The G-pole of the tube is considered to be a very thin layer of conductor, and connected together. The conductive channels of the two complementary VMOS tubes form a PN junction. This PN junction & 3⁄4 temperature coefficient and the temperature coefficient of the common diode PN junction Just equal.

 In the figure, V!. is that the constant current source composed of Q2 uses TL431, and the voltage drop on the E pole of Q2 is fed back to the reference voltage terminal of TL431, and the voltage drop of Q2's BE junction is reduced after being heated. As the current flowing through R2 increases, the voltage at the reference voltage of the TL431 increases, the voltage at the output of the TL431 decreases, and the voltage at the B pole of Q2 decreases, suppressing the R2 current [3⁄4 increase. Similarly, the principle of the TL431 in suppressing Q2 noise is also similar. It can be seen that this can achieve lower noise, more stable current, better thermal stability, and higher dynamic resistance for the intermediate amplifier stage. If a triode is used instead of the TL431 to form a constant current source, the thermal stability is not satisfactory. If the constant current source cannot be stabilized, then the bias voltage formed by the current flowing through Di and R3 cannot be stabilized, and the distortion cancellation effect of D1 is not met.

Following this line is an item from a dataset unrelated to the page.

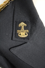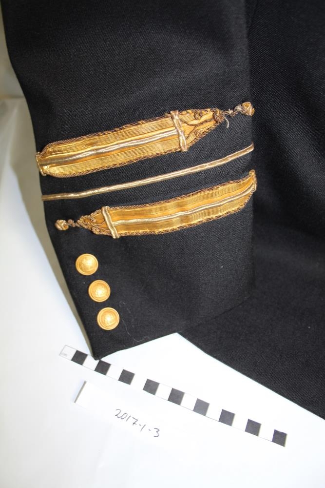 Jakki frá sýslumanni. Jakkinn er úr klæðisefni, fóðraður, tvíhnepptur með hefbundnum kraga, tveimur hliðarvösum og einum brjóstvasa. Einnig er brjóstvasi innan á jakkanum. Á jakkanum eru tvær raðir gylltra einkennishnappa, 2,4 sm í þvermál með skjaldamerki Íslands, fjórir í hverri röð og er jakkinn hnepptur á þrjá þeirra. Á ermunum eru gylltir einkennishnappar 1,6 sm í þvermál með skjaldarmerki Íslands, þrír á hvorri ermi. Í kragahornum jakkans er útsaumað merki sýslumanna.

 In the existing VMOS tube power amplifier, a triode is used instead of the position of the TL431 in Fig. 1, and the current stability and noise performance of the transistor Q2 are poor. In use, the unstable surface of the constant current source can easily cause the VMOS tube current to burn out. In the existing VMOS tube power amplifier, in the circuit that supplies the bias voltage to the VMOS tube, there is no D1, and it is easy to cause the VMOS tube current to be too large and burned. At the same time, the distortion of the VMOS tube is also large.

 The specific implementation of the present invention is easy to accomplish and is a common common component. D1 should be close to Q3 or Q4 in the installed position for better thermal coupling. It should be noted that in order to achieve the sound quality of the tube, it is also necessary to: 3⁄4 into the local negative feedback technique, reduce the gain of each stage, and reduce the negative feedback of the large loop.

Claims

Claims

: ί, A distortion cancellation circuit of a VMOS tube power amplifier, characterized in that: a complementary S-pole output VM0S tube power amplifier, a circuit in which a resistor and a forward-conducting diode are connected in series between two G-poles, a series circuit Powered by a constant current source, the voltage drop across the series circuit provides a static bias voltage between the G and S poles for the two complementary VM0S tubes. The constant current source is also the load of the intermediate amplifier stage.

 2. A temperature drift canceling circuit for a VMOS tube power amplifier, characterized in that: the series circuit of claim 1 uses a forward conducting diode to cancel the voltage between the G and S poles of two complementary VMOS tubes The temperature drift.

 3. As claimed! The constant current source circuit is characterized in that: TL431 is used to provide a constant voltage, and the constant voltage is applied to the B pole of the triode, the E pole of the triode is connected to the reference voltage end of the TL431, and the current limiting resistor is connected in the E pole loop to adjust the constant The current of the current source, the C pole of the triode is connected to the G pole of the VMOS tube, the other complementary VMOS tube G is connected to the output end of the intermediate amplifier stage, and the complementary voltage of the two complementary VMOS tubes is connected to the resistor, the constant current source It is also the load of the intermediate amplification stage.